Por José Maria Cardoso da Silva e Claudio José Barros de Carvalho em 26/03/2003
Fonte: Agência Estado

Ainda não há política forte nem programa nacional especificamente direcionado para expandir o conhecimento da nossa biodiversidade.

O Brasil é o país mais rico em biodiversidade no mundo. Estima-se que abrigue cerca de 13,6% de todas as espécies de organismos do planeta, uma extraordinária vantagem competitiva no século, em que os serviços ambientais e a biotecnologia se converterão em meios de gerar enormes riquezas.

O livro ´Biodiversidade Brasileira: Síntese do estado atual do conhecimento´ recentemente publicado por Thomas Michael Lewinsohn (Unicamp) e Paulo Inácio de Knegt López de Prado (PUC/SP) mostra, que o número de espécies que deve ocorrer no Brasil (cerca de 2 milhões) é cerca de 10 vezes maior do que o número hoje conhecido (cerca de 200 mil).

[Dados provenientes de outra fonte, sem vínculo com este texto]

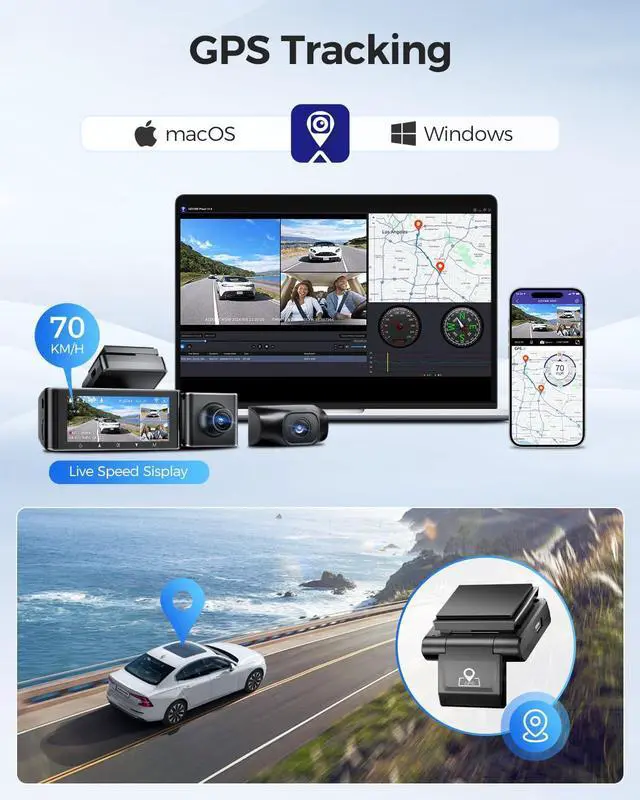 Built-In GPS: An integrated GPS enables precise driving route recording with speed and location data, helping create reliable emergency video evidence when reviewing incidents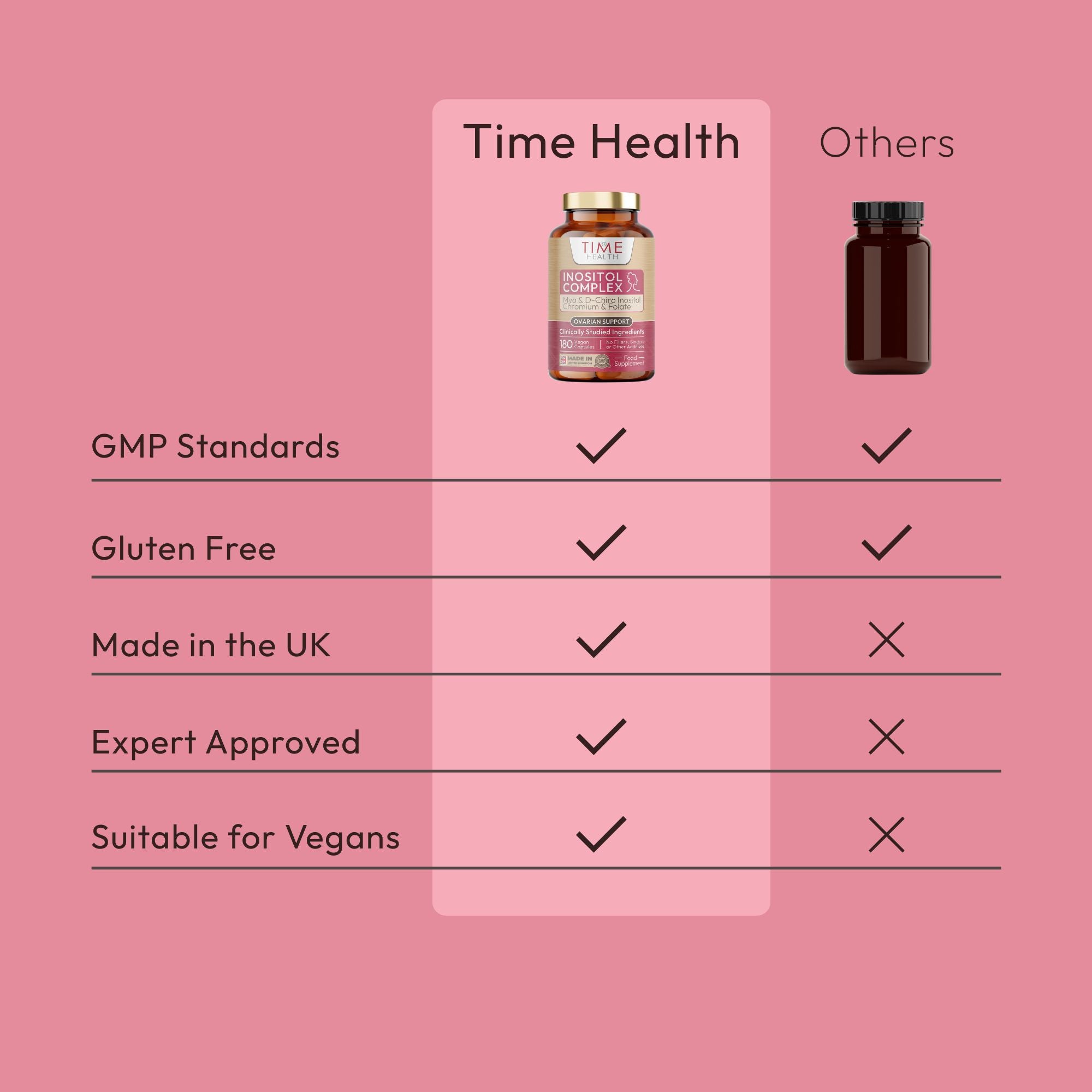 ✔️SUPPORTS WOMEN WITH PCOS. Time Health Inositol Complex is specially designed for women living with PCOS. Containing a carefully considered blend of myo-inositol, d-chiro-inositol, folate and chromium in their optimum levels, our Inositol Complex helps to support healthy hormonal balance, ovarian function, and the normalisation of key parameters.

A falta de recursos humanos qualificados, de uma infra-estrutura adequada e, principalmente, a falta de apoio financeiro regular e na magnitude necessária para enfrentar o desafio de conhecer esta biodiversidade, são os principais problemas que limitam a pesquisa básica deste setor.

Não há uma política forte e nem um programa nacional especificamente direcionado para expandir rapidamente o conhecimento da nossa biodiversidade, a exemplo do programa Biota-SP da Fundação de Amparo à Pesquisa do Estado de São Paulo (Fapesp).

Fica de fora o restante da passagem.